Task material below:

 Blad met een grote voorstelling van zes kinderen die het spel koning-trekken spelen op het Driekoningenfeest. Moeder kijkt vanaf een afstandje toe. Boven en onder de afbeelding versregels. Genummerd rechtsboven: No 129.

End of Task material.
Task material below:

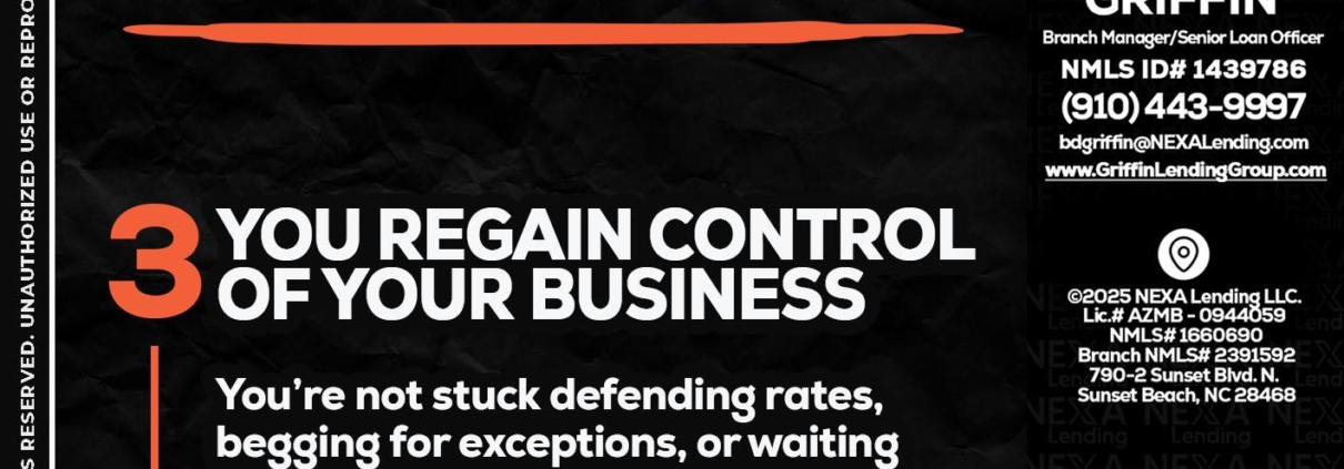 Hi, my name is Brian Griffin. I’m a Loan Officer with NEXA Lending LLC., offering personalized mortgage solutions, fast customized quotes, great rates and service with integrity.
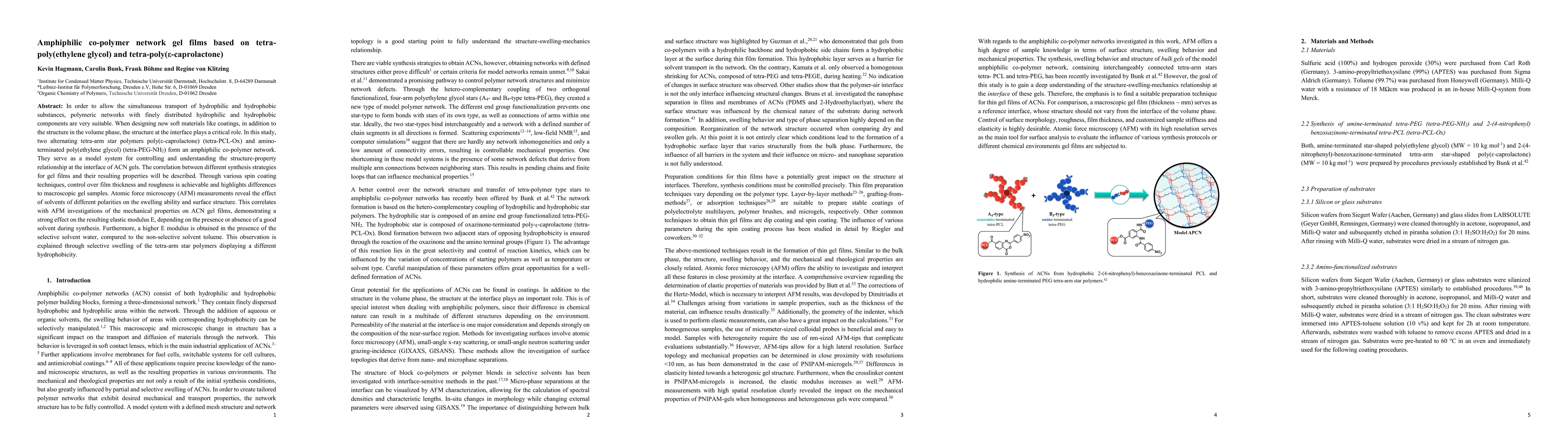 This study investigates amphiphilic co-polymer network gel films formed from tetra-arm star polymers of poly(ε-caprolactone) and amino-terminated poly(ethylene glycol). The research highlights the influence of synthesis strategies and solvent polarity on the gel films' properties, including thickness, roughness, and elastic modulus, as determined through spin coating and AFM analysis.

End of Task material.
Task material below:

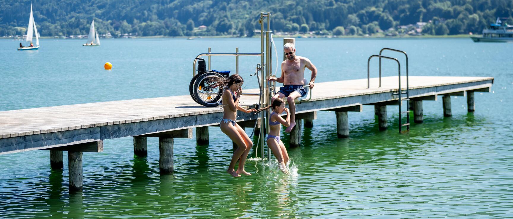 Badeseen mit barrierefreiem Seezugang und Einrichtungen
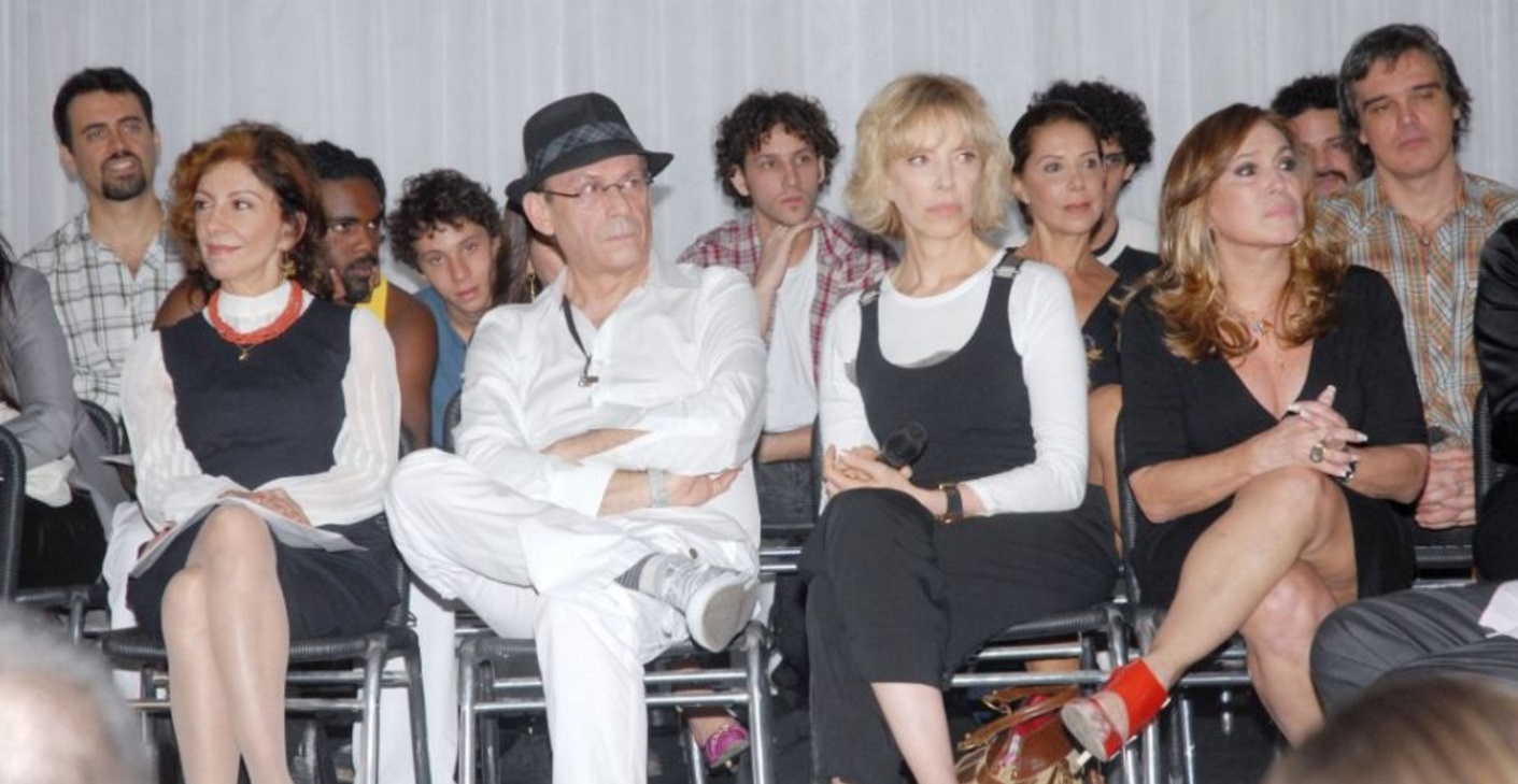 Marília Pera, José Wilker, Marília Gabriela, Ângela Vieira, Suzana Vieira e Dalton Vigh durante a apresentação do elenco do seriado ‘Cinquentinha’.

End of Task material.

## Task prompt:
Whatever pictures the records hold, omit them; give again exactly the lines from the one containing "Badeseen mit barrierefreiem" through the one containing "Marília Pera, José".

## Response to the task:
 Badeseen mit barrierefreiem Seezugang und Einrichtungen
 Marília Pera, José Wilker, Marília Gabriela, Ângela Vieira, Suzana Vieira e Dalton Vigh durante a apresentação do elenco do seriado ‘Cinquentinha’.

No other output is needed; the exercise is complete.